The key in distinguishing a code of ethics from these other documents is to hit the right level of
specificity. It should address both the particular nuances of the company's industry as well as its
broader goals for social responsibility and should be concrete enough to serve as a guide for
employees in a quandary without laying out rules for every situation that could arise.

Policies can include issues such as a company's commitment to not work with vendors who use
child labor or are environmentally harmful, not discriminating in their hiring, and not taking
bribes. For example, recently when Ikea was opening their first location in Russia, they were
approached by local bigwigs requesting a kickback to turn their utilities on just before the store's
grand opening. It would have been easy to cave to the pressure of their responsibility to
stakeholders, creditors, and employees but Ikea has a firm no bribes policy. To get around the
problem, they leased power generators to get their store lit up in time for its kickoff.

"A code of ethics is about corporate culture," says Michael Connor, the editor and publisher of
the online magazine Business Ethics. "[Many small- to medium-sized businesses] have a code of
ethics; it's probably not written down in many cases but it wouldn't hurt if it was."

Connor believes that there's no such thing as a business being too small to benefit from a code
of ethics. Having a code is "often viewed as a luxury or something that is an added cost," he
says. "The reality these days is that the business that does not have a code of ethics subjects
itself to a much greater risk in its day-to-day operations and if there is an unfortunate incident,
they expose themselves to much greater risk [from] regulatory and prosecutorial authorities."
How to Write a Code of Ethics for Business: Setting Priorities

The first step a company has to take in laying out a code of ethics is deciding what values are
important to it and what lines it won't cross. When Marianne Jennings is consulting with
companies implementing a code of ethics, she probes a company's leadership to discover their
boundaries. The professor at Arizona State University's business school and author of The Seven
Signs of Ethical Collapse, asks her clients, "What are the things you would never do at this
company to get a client, to keep a client, to make sure you met your numbers for the quarter?'
Just thinking through that sets the framework for the code."

Clarifying these details can be especially helpful as the company grows. "As they grow, they're
going to be hiring more people that are probably dissimilar to their value structure and [putting]
those rules and those procedures in place will help your company grow in the way you want it to
grow," says John Fraedrich, a professor of business ethics at Southern Illinois University.

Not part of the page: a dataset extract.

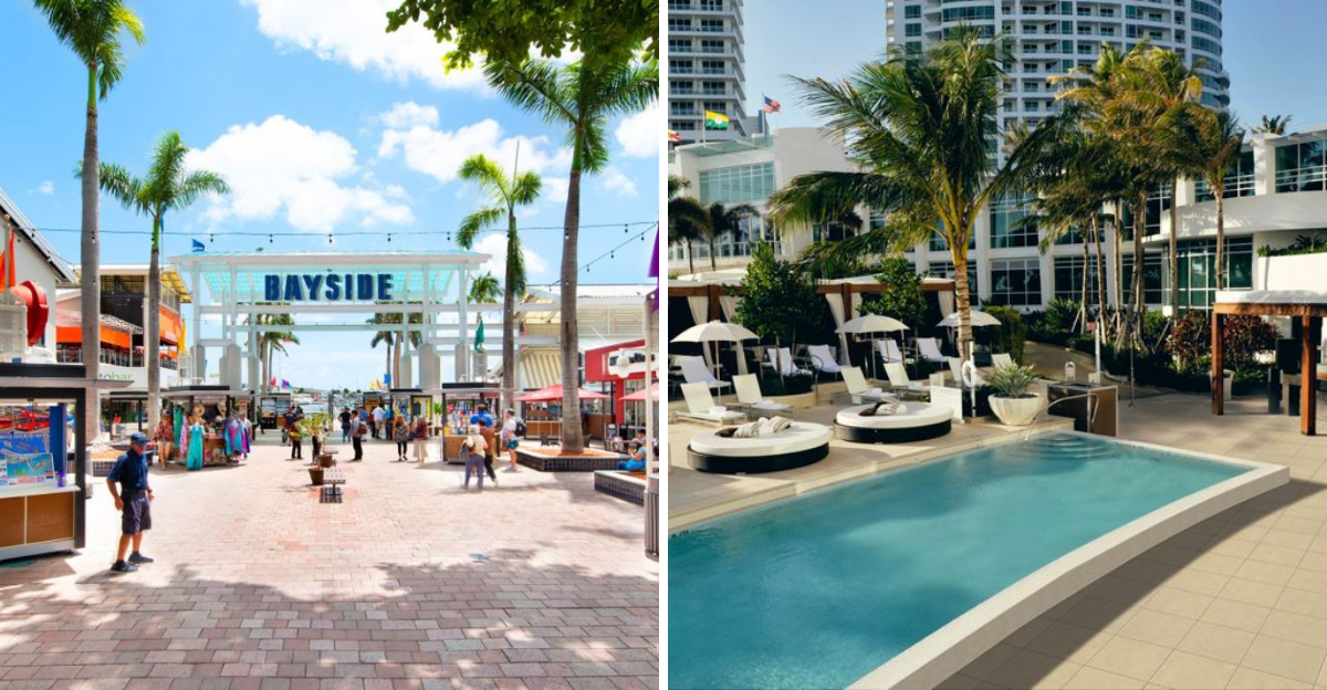 Walking through Bayside Marketplace feels like visiting any shopping mall in America – except with higher prices. Located downtown with waterfront views, this open-air mall attracts cruise ship passengers and tour bus groups by the thousands.

Having HR educate incoming employees about the code of ethics and the company's culture is
especially important in the age of increasingly rapid job turnover. Connor says that sometimes
employees "are hired and fired at such a pace that people don't know what the corporate culture
is."
How to Write a Code of Ethics for Business: Getting Input

A common mistake that companies make when drafting a code of ethics is not to consult
employees. "Often the code of ethics comes from the top, and the company is really not aware
of the kinds of things the employees are facing," Jennings says. In these cases "the code of
ethics comes out and it's instantly dismissed as a sham because the employees really know
what's happening and it's not covered [in the code] or it's addressed in a different way."

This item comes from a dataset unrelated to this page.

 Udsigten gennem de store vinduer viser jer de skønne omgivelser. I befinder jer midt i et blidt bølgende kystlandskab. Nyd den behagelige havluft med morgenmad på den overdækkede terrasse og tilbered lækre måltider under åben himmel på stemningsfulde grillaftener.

Even if you think you're in tune with the daily trials and tribulations of your staff, you should
solicit broader participation in the crafting of the code. Employees need to have a say in it but
they also need to know why the code is important and why it ultimately contains the tenets that it
does. Jennings suggests soliciting anonymous input from your staff on a situation they were in
during the past year that made them uncomfortable as a good starting point.